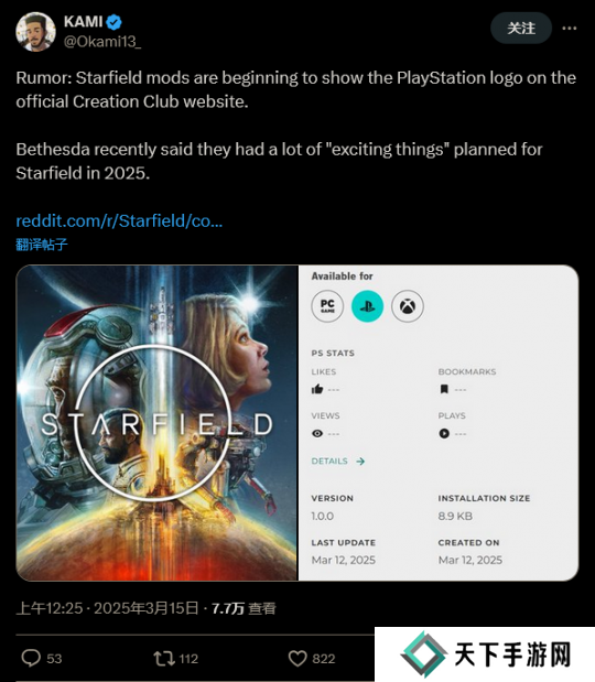 出现标志的是《星空》创作俱乐部网站。这是 B 社官方提供 Mod 的网站,近期的一个 Mod 封面上显示了 PlayStation、Xbox 和 PC 的商标。这些标志旨在显示 Mod 在哪些平台上可以使用,这暗示 Mod 将能够在 PS5 主机上使用。
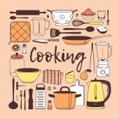 Ilustracja gotowania, narzędzia, naczynia i żywności. Dzieła sztuki twórczej atramentu. Rzeczywiste wektor rysunek. Zestaw kuchenny - wektor
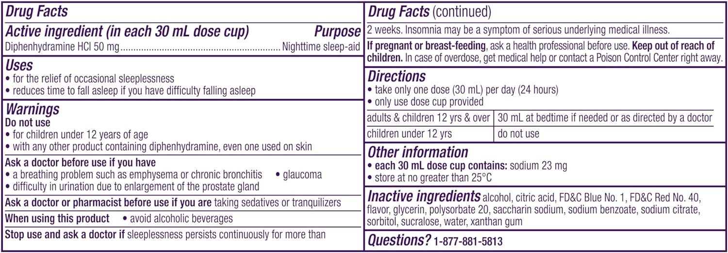 When you’re having trouble getting that sound sleep your body craves, add some Zzzs to your night with ZzzQuil. This ZzzQuil sleep aid works to help you fall asleep fast – in as little as 20 minutes – so you can get sleep when you need it and wake refreshed. All ZzzQuil sleep aid products are non-habit forming and specifically formulated with clinically proven ingredients by our team of dedicated scientists. This ZzzQuil sleep aid contains a non-habit-forming ingredient, Diphenhydramine HCI, which causes drowsiness by blocking the action of histamine, a chemical that sends waking signals to the brain. For this sleep aid, each dose (one 30 mL dose cup) contains 50 mg. ZzzQuil Warming Berry Liquid Sleep Aid tastes great – you’ll look forward to falling asleep whether you are at home or traveling through multiple time-zones. ZzzQuil over-the-counter medicine sleep aids for adults can be used to treat occasional sleeplessness when you need a little extra help getting to sleep. ZzzQuil is the World’s #1 Sleep Aid Brand!† Explore ZzzQuil’s range of products to help you fall asleep, including our line of ZzzQuil PURE Zzzs Melatonin products. †Source Euromonitor International Limited; Consumer Health 2024 Edition; Sleep Aids, all channels, retail selling price, Global Brand Name ZzzQuil 2023 data ^vs. placebo
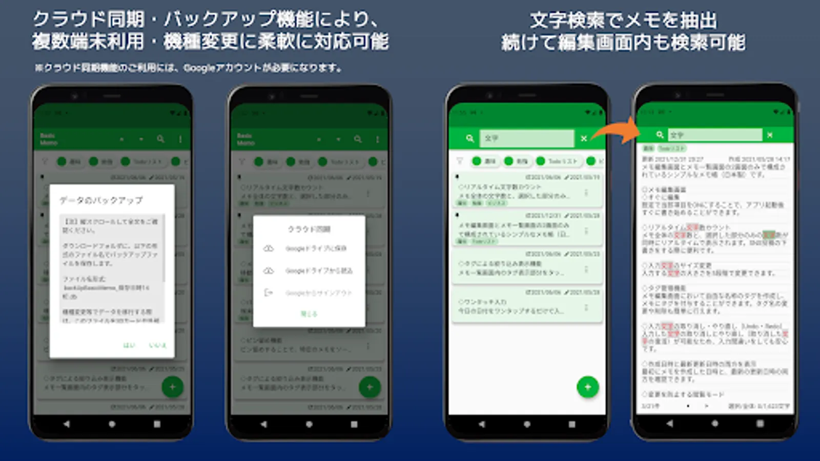 ・In order to keep the functions as simple as possible, we do not currently have a function for creating folders, color-coding memos, or sorting memos by sliding your finger. Doing).
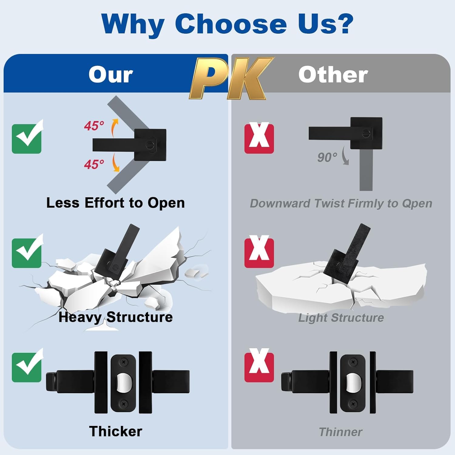 • 【Easy Installation of Handlesets】The package comes with all the accessories as well as the punching instructions,you only need a screwdriver to quickly complete the installation. Note: Each of handle is packaged separately to avoid scratches caused by collisions during transit(the black door lever fits 1.38' to 1.78' doors, and the latch plate is unremovable). Please CHECK the size of the handle and all accessories carefully before purchasing
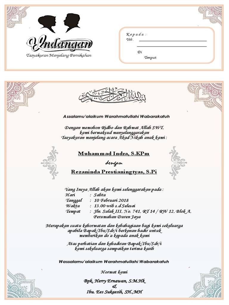 Seperti halnya undangan pernikahan berbahasa indonesia pada umumnya undangan pernikahan yang menggunakan bahasa jawa dimulai dengan salam. Saturday december 23rd 2017 design undangan. Surat undangan adalah surat yang dibuat dengan tujuan mengajak seseorang atau pihak lain untuk menghadiri sebuah acara tertentu. Ada beberapa contoh surat undangan yang tidak resmi seperti surat undangan syukuran kelahiran bayi atau aqiqahan, surat undangan hari ulang tahun dan surat undangan pernikahan. Surat ini merupakan sebuah pemberitahuan untuk hadir atau datang ke kegiatan atau. Bahasa indonesia bahasa indonesia adalah bahasa resmi negara kita. Wbsalam sejahtera contoh surat undangan dalam bahasa inggris untuk rapat perusahaan. Undangan, dalam bahasa indonesia berarti sebuah panggilan atau ajakan untuk datang atau hadir di acara yang diselenggarakan oleh orang yang mengundang. Contoh surat undangan pernikahan dalam bahasa inggris 1 y j. Lalu apa yang kamu lakukan agar orang. Setiap orang yang menikah tentu menginginkan untuk menikah hanya satu kali saja, walaupun pada kenyataanya banyak yang cerai dan akhirnya menikah kembali dengan. Surat undangan versi agama islam. Contoh surat undangan pernikahan paling lengkap untuk anda surat undangan pernikahan dibuat untuk memohon kehadiran orang lain dalam acara pernikahan yang akan dilaksanakan.
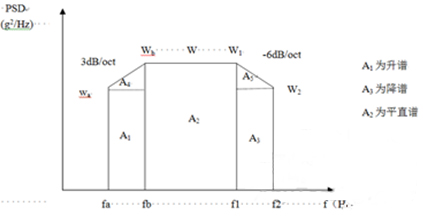 設w=wb+w1=0.2g²/Hz,fa=10Hz,fb=20Hz,f1=1000Hz,f2=2000Hz,由于fa 的wa 升至fb 的wb 處,斜率是3dB/oct,而wb=0.2g²/Hz,所以wa=0.1g²/Hz。
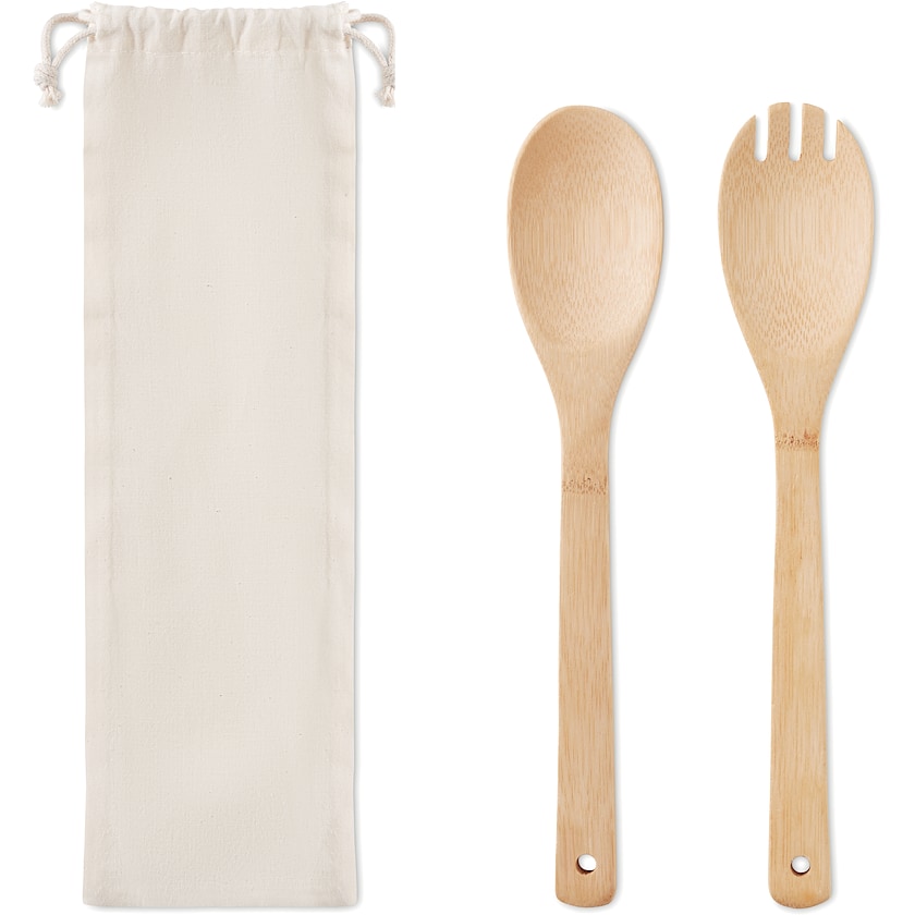 Posate da insalata in bambù. Vengono consegnate in una busta color naturale. La stampa viene realizzata sulla busta, mentre l'incisione su una delle posate da insalata. Il bambù è un materiale naturale, quindi il colore può variare leggermente.-
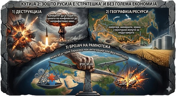 Русија останува глобален играч поради две причини: офанзивна деструктивна моќ (капацитет да ја подигне цената на конфликтот до степен на невозможна рационална пресметка) и огромна територија полна со ресурси. Русија е „географски забрзувач“ на кинеската индустриска моќ и истовремено „непремостлива пречка“ која мора да се земе предвид кога зборуваме за Евроазија.
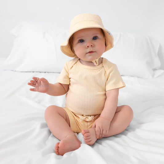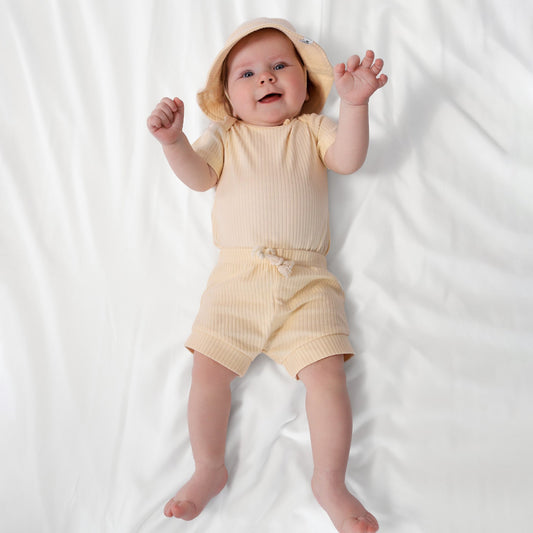 סט בגד גוף ומכנס קצר מכותנה אורגנית Cream
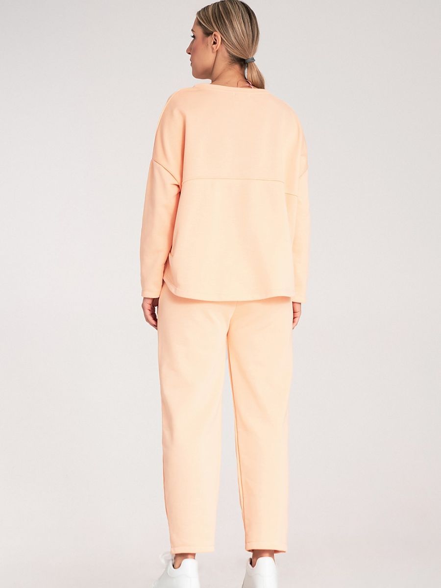 Sweatsuit set. Loose sweatshirt with long sleeves and a round neckline, and pants with an elastic waistband, tied with a drawstring.
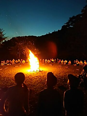 キャンプファイアーがはじまりました。火を囲んで歌やゲームで楽しく活動しています。
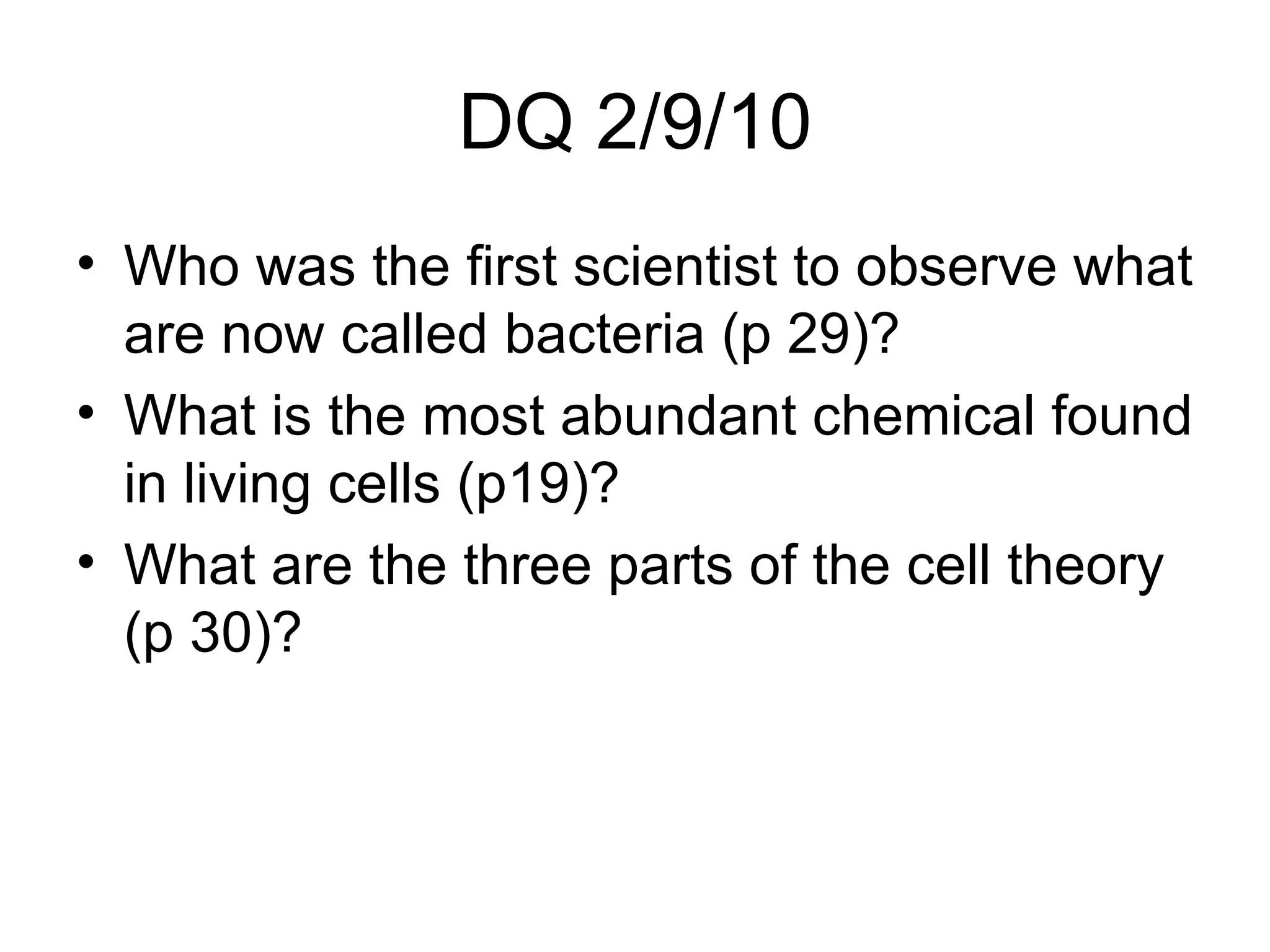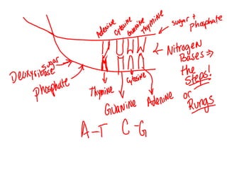 The document contains questions about early scientists who observed bacteria and the most abundant chemical in living cells, as well as the three parts of the cell theory. It also discusses DNA replication, including that DNA makes a copy of itself before mitosis, DNA replication ensures each new cell has the genetic information it needs, and in 1953 Watson and Crick figured out the structure of DNA and how it copies itself. DNA looks like a twisted ladder or double helix with sugars and nitrogen bases making up the sides.
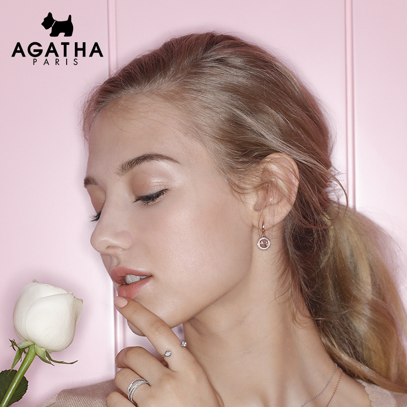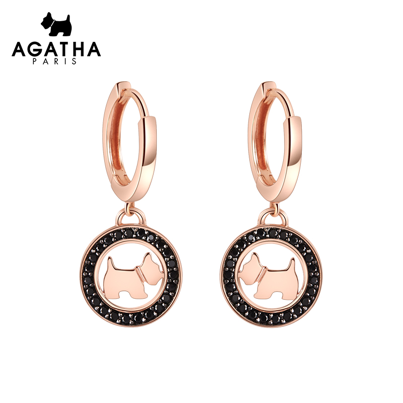 AGATHA 925 silver round shiny stone pendant puppy cute minimalist temperament ear pin
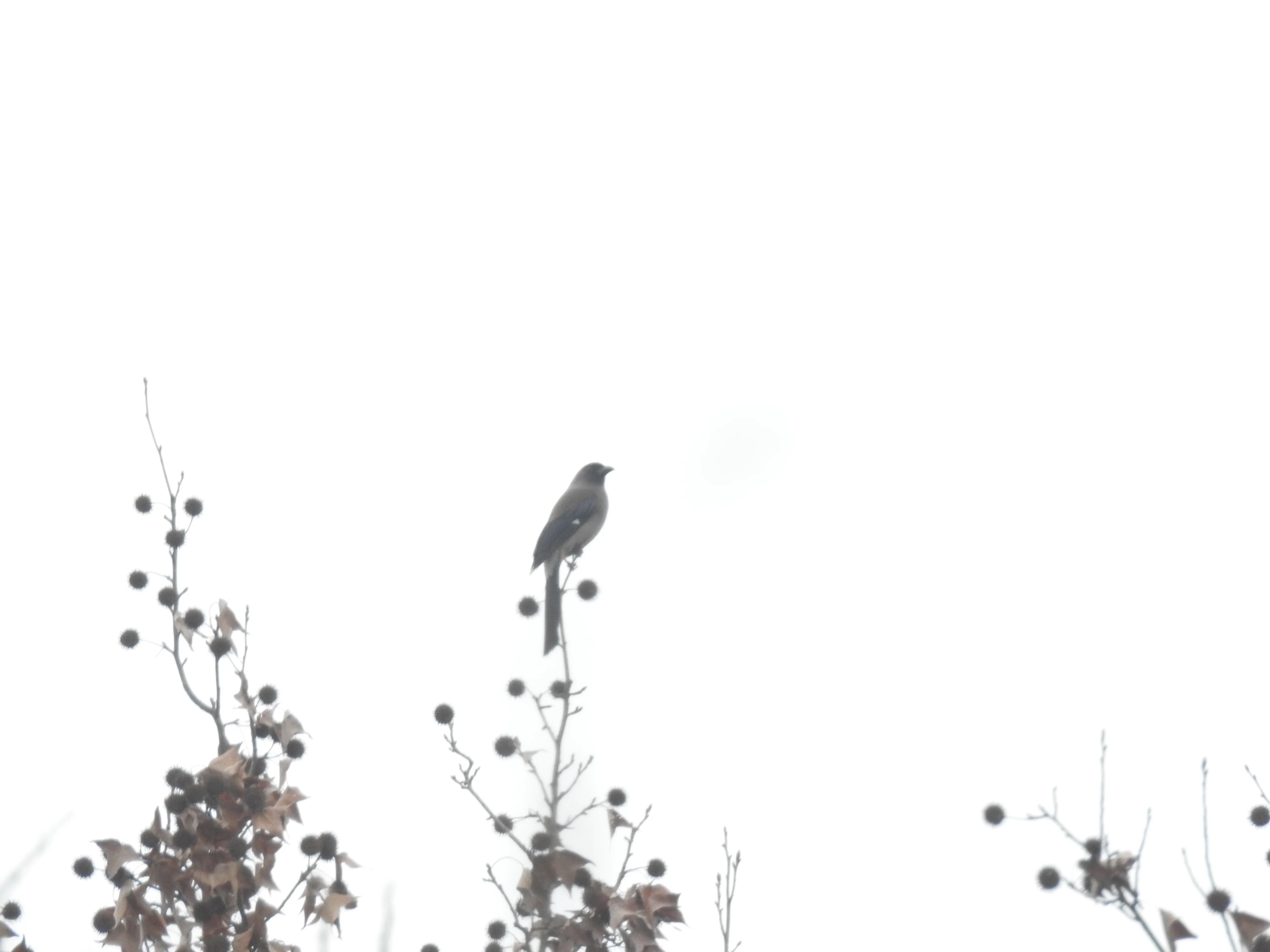 刚进植物园大门,天气阴沉而且有重度空气污染,一边还淅淅沥沥下着小雨。虽然天公不作美,但进门之后鸟况倒是不错。一上来就看到有观鸟团在介绍,凑近一听发现门口左右各有鸟群活动,灰椋鸟、燕雀、红嘴蓝鹊都在头顶上叽叽喳喳。我很好奇鸟在取食什么,观察了一会发现食物来源竟然是槲寄生!第一次知道杭州也有这个!
━━━━━━━━━━━━━━━━
EXERCISE INSTRUCTIONS -
Copy the listing above exactly, but only from the line with "Sweatsuit set. Loose" through the line with "AGATHA 925 silver", including those two lines and excluding any picture.

ANSWER SECTION -
 Sweatsuit set. Loose sweatshirt with long sleeves and a round neckline, and pants with an elastic waistband, tied with a drawstring.
 キャンプファイアーがはじまりました。火を囲んで歌やゲームで楽しく活動しています。
 The document contains questions about early scientists who observed bacteria and the most abundant chemical in living cells, as well as the three parts of the cell theory. It also discusses DNA replication, including that DNA makes a copy of itself before mitosis, DNA replication ensures each new cell has the genetic information it needs, and in 1953 Watson and Crick figured out the structure of DNA and how it copies itself. DNA looks like a twisted ladder or double helix with sugars and nitrogen bases making up the sides.
 AGATHA 925 silver round shiny stone pendant puppy cute minimalist temperament ear pin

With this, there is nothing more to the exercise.